When the assembly was created in 1998, constitutional “one man, one vote” requirements led to the assembly’s weighted vote system, which gives larger towns such as Barnstable and Falmouth more influence on votes that the Lower Cape towns, some of which have less than two percent of the total vote.

She added she understood the concept of having county commissioners represent specific districts, but said that in running a county-wide campaign, “as difficult as it is, I had a much better understanding of Cape Cod because I ran a 15-town campaign. I spent time getting to know not only the elected officials in those towns but the individual voter, and I could start to see where each town has similarities and differences culturally, politically, philosophically.”

“If you’re going to govern over the entire land, you need to know the land you’re governing,” Ms. Lyons said.

New County Services?

Ms. Lyons identified two other brewing major projects for the county, the first of which is the proposed purchase of the Dennis-based Aquacultural Research Corporation (ARC), which has been pitched by its current owners as a possible county service.

The candidate said she first became aware of ARC’s interest in becoming a county service six years ago, while Ms. Lyons was still on the assembly, through local shellfisherman who were concerned at the prospect of losing the state’s only commercial shellfish hatchery, which provide the Cape’s 235 shellfish farms with 90 percent of their seed.

The commissioners have held two executive session meetings to discuss the $4 million proposed purchase so Ms. Lyons could not comment in-depth on the matter, but said the county “would be negligent if we did not look at it.”

However, she added that she would not support the idea if the commissioners’ research suggests the business would be “a money pit…I would like for it to be able to pay for itself.”

“We have to have the right plan, the right business plan,” she said. “It’s not like we’re going to be negligent about it just to go forward.”

Ms.
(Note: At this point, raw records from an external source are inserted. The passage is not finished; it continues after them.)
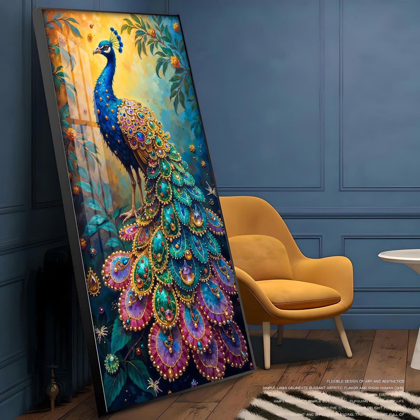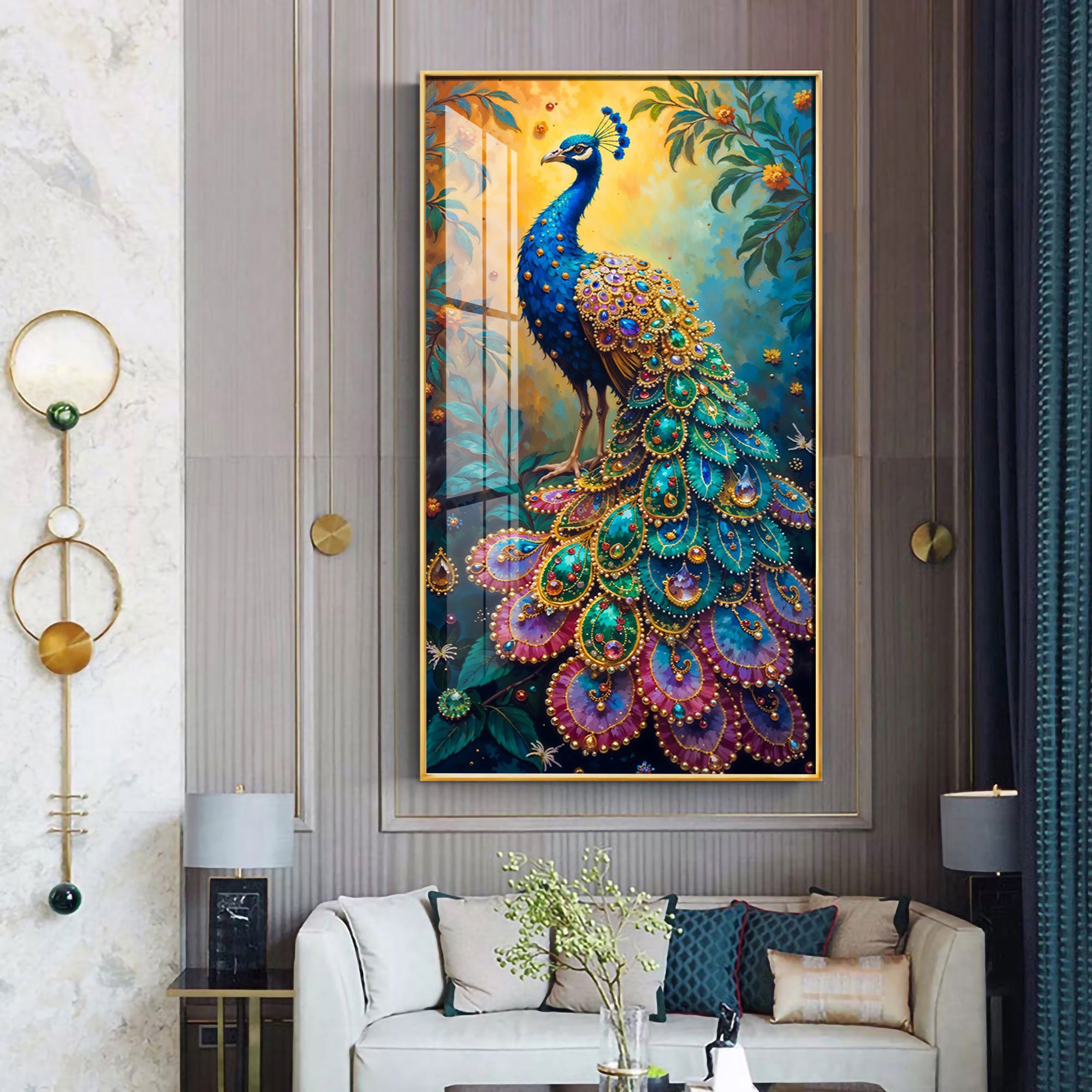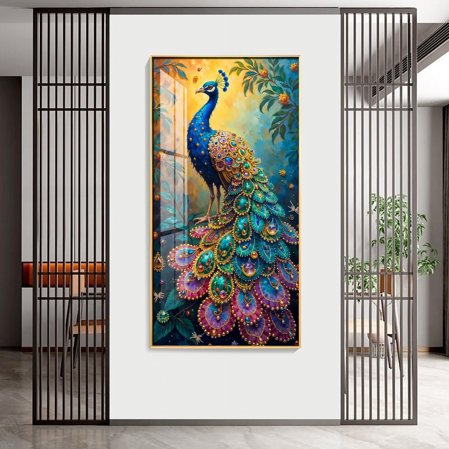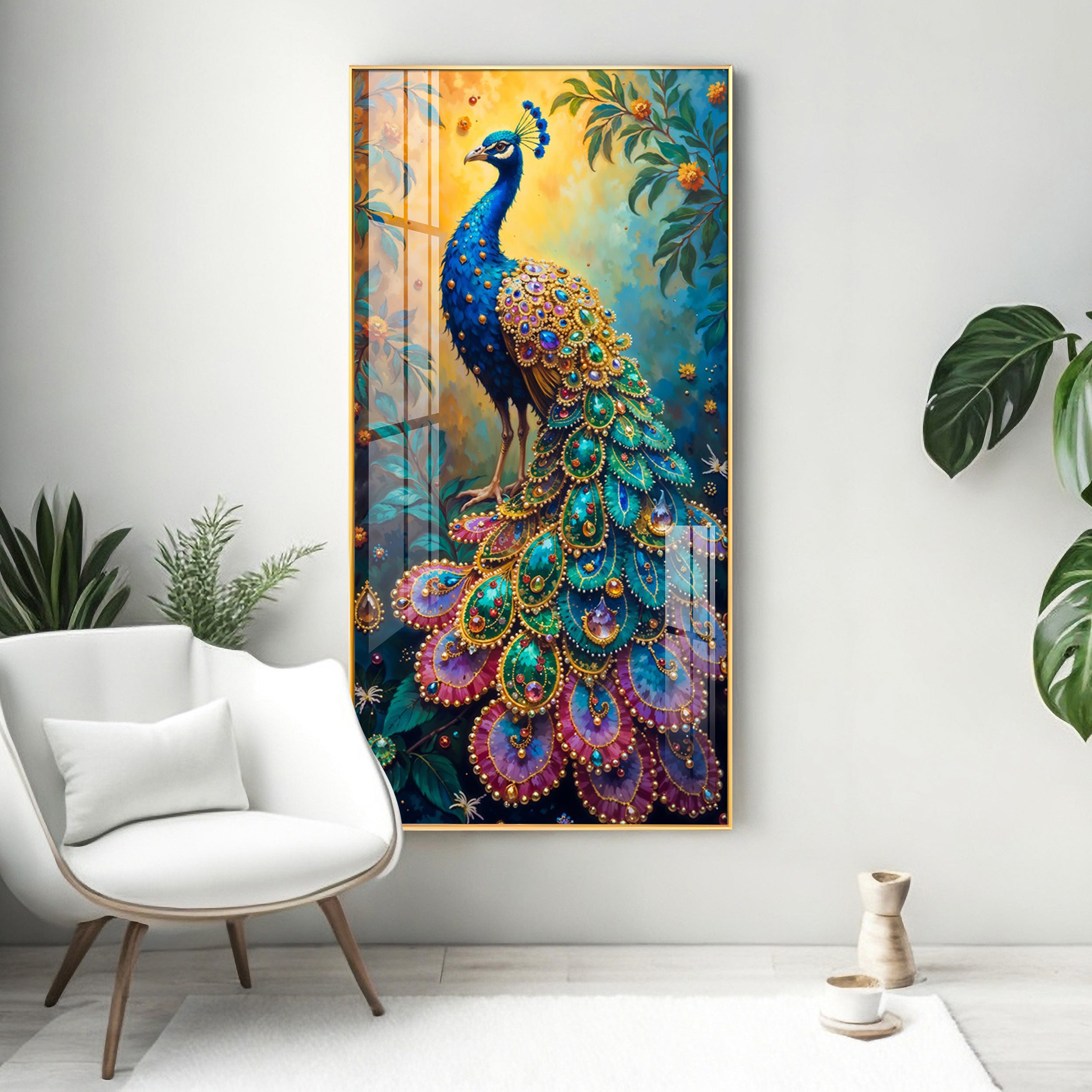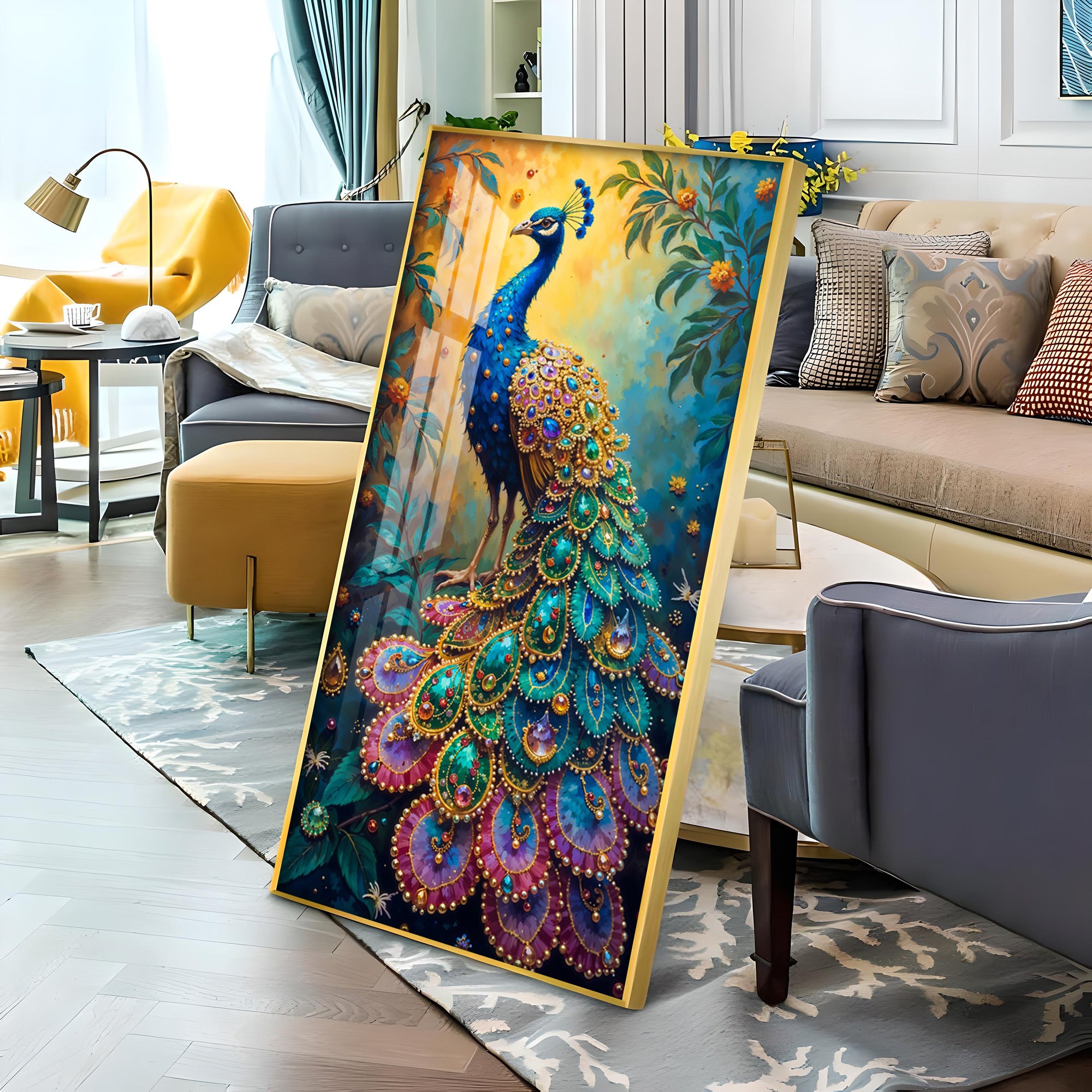 Peacock In Sunrise Premium Acrylic Vertical Wall Art
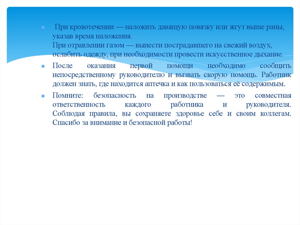 Каждый работник обязан уметь оказать первую доврачебную помощьпострадавшему до прибытия медицинских работников.
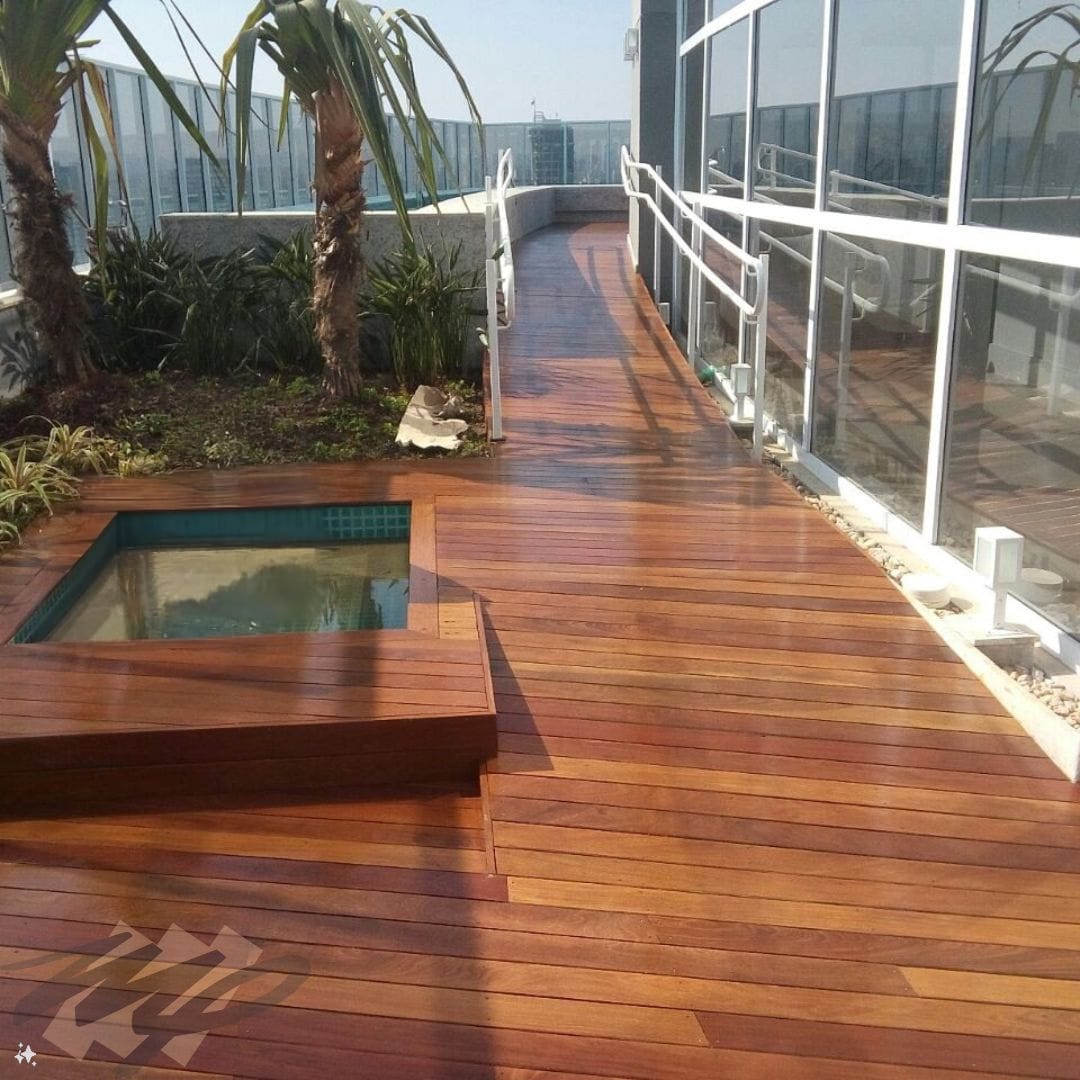 O Deck de Madeira é a solução perfeita para criar um ambiente de lazer acolhedor e sofisticado ao redor da piscina, em varandas ou jardins. Na Martpisos, utilizamos madeiras nobres, naturalmente resistentes à umidade, sol e variações climáticas, garantindo que seu deck seja uma área de convivência segura, bonita e durável. É o investimento ideal para quem deseja estender o conforto da casa para o ambiente externo. Disponível em uma ampla variedade de madeiras nobres: Cumaru, Ipê, Itaúba e Garapeira.
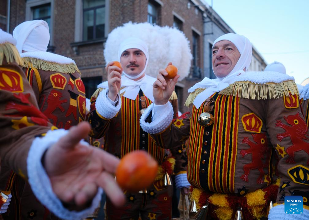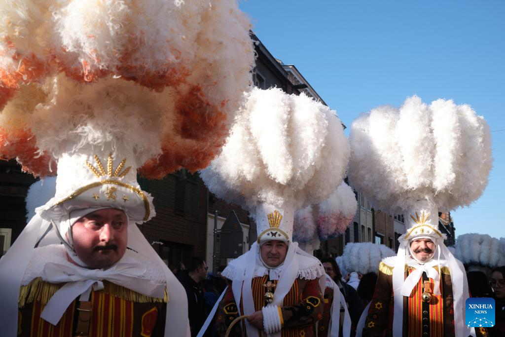 BINCHE, 5 marzo, 2025 (Xinhua) -- Imagen del 4 de marzo de 2025 de personas portando disfraces de "Gille" asistiendo al Carnaval de Binche, un evento Patrimonio de la Humanidad de la UNESCO, en Binche, Bélgica. (Xinhua/Meng Dingbo)

Lyons said she planned to exercise similar caution when exploring the concept of establishing a regional emergency dispatch center. The Barnstable County Regional Emergency Planning Committee’s 911 Dispatch Study Steering Committee is currently working on that proposal, and one option on the table is utilizing existing infrastructure and personnel at the Barnstable County Sheriff’s Department’s regional dispatch center.

While she was open to that possibility, Ms. Lyons said she was hesitant to endorse that model due to past issues with the sheriff’s department and its administration of the region’s Centralized Emergency Medical Dispatch (CMED) system.

The Cape and Islands CMED system coordinates communications between four area hospitals and ambulances operating on the Cape and surrounding communities. It also coordinates MedFlight helicopter landings for the Cape.

Ms. Lyons noted that James M. Cummings, county sheriff, has in the past warned of a possible CMED shutdown if he could not obtain funding to support its $450,000 annual operating costs, and she worried that a similar lack of a funding mechanism for a full-fledged county dispatch service could lead to problems down the road.

Ms. Lyons’ official campaign website is www.sheilalyonscapecod.com.